When communicating with CS 4, the DAB 3 uses the following keys:

DTK: Client TLS Key: used by DAB system components to establish a mutually-authenticated TLS session with the CS system 4. This key serves a similar purpose to CTK but instead of authenticating end-user devices 2, it is used to authenticate modules of the DAB 3. The certificate authority issuing DTK keys may be different from the certificate authority issuing CTK keys.

DTSK: DAB Transaction-Signing Key: used to sign RPC requests which will result in use of cryptocurrency key. This is for the purpose of establishing an accountable audit trail for all cryptocurrency transactions.

DMK: DAB Management Key: used to sign all RPC requests that are not transactions authorisations. When the DAB 3 makes an RPC request that changes the internal state of the CS 4 (e.g., enrolment, recovery, setting policies, etc.), the CS 4 requires explicit nonrepudiable authorisation for the purpose of establishing an accountable audit trail.

These DAB access keys (DAK) are generated by the DAB 3 and exchanged via a secure offline channel as a part of the system setup procedures.

The custody server 4 system uses server-side TLS keys for the purpose of establishing mutually-authenticated channels to the CS 4 from the app 22 and from the DAB 3 (along with client-side TLS certificates defined above).

The CS 4 generates and maintains the following keys:

CCA: Certificate-Authority Client Root key: used to sign end-user client TLS certificates stored on the app 22. This Certificate Authority (CA) is online (e.g. accessible over the Internet) and runs inside a trusted execution environment (TEE).

DCA: DAB Certificate-Authority Root key: used to sign client TLS certificates for system components of the DAB 3. This CA is offline and used only during system setup procedures.
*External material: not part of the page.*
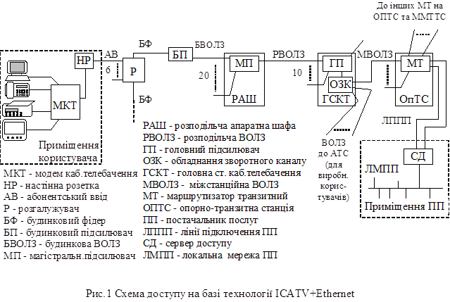 мережа доступу (МД) на основі технології ICATV+ Ethernet (Мережа інтерактивного

CSMK: Custody-Server Management Key: used to provide non-repudiable assertions to the DAB 3 and app 22, e.g. confirming bindings between user identities, wallet keys, and device keys.

WK: Wallet Keys: cryptocurrency keys, the public parts of which are shared with the DAB 3 and app 22 during wallet key-pair creation, and the private parts of which are used by the CS 4 to sign cryptocurrency transactions. These WK are “transaction-signing key pairs” as disclosed elsewhere herein. These keys may be specific to particular currencies, e.g. Wallet Keys for Bitcoin (“WKB”), Wallet Keys for Ethereum (“WKE”), etc.

Various Key-Identity bindings can be established: the DAB 3 creates the tuple (KYC, UserlD, *). The DAB 3 issues an assertion confirming this binding, signed with DMK--.

- the CS 4 creates the tuple (CAK, Wallet Keys (WKB, WKE, ...), UserlD).

The CS 4 issues an assertion confirming this binding, signed with CSMK--.

As part of the enrolment, recovery and key-pair creation flows, the DAB 3 and CS 4 exchange these tuples and corresponding assertions.

Here, UserlD is a user identifier (which could be an arbitrarily-allocated number, or the full name of the user 20, etc.). KYC (know your customer) refers to data suitable for verifying the real-world identity of a user 20; this data may have a variable level of confidence associated with it, depending on the source and type of the data (e.g. a single-sign-on assertion from a social-media platform may provide lower confidence than a government-issued smart-card identity card).

The DAB 3 is typically responsible for establishing the binding of the user identifier to one or more real-world identifiers, e.g., legal name, official ID number. The CS 4 is responsible for establishing the binding of the Wallet Keys to the Client Access Keys — i.e. , it binds the user device 2 running the app 22 to a wallet that is stored in the CS 4. Through the enrolment and key-pair creation processes, described below, the CS 4 is able to acquire and store mapping data that associates, or binds together: a user’s real-world identity data (KYC), the user’s identifier (UserlD), the user’s device-specific client access keys (CAK), and the user’s private transaction-signing wallet keys (WK). This binding provides both security and convenience benefits. The DAB 3, CS 4, and the app 22 use UserlD as a reference for a particular user 20. It is typically used as an identity assertion. UserlD doesn't need to be exposed to the user.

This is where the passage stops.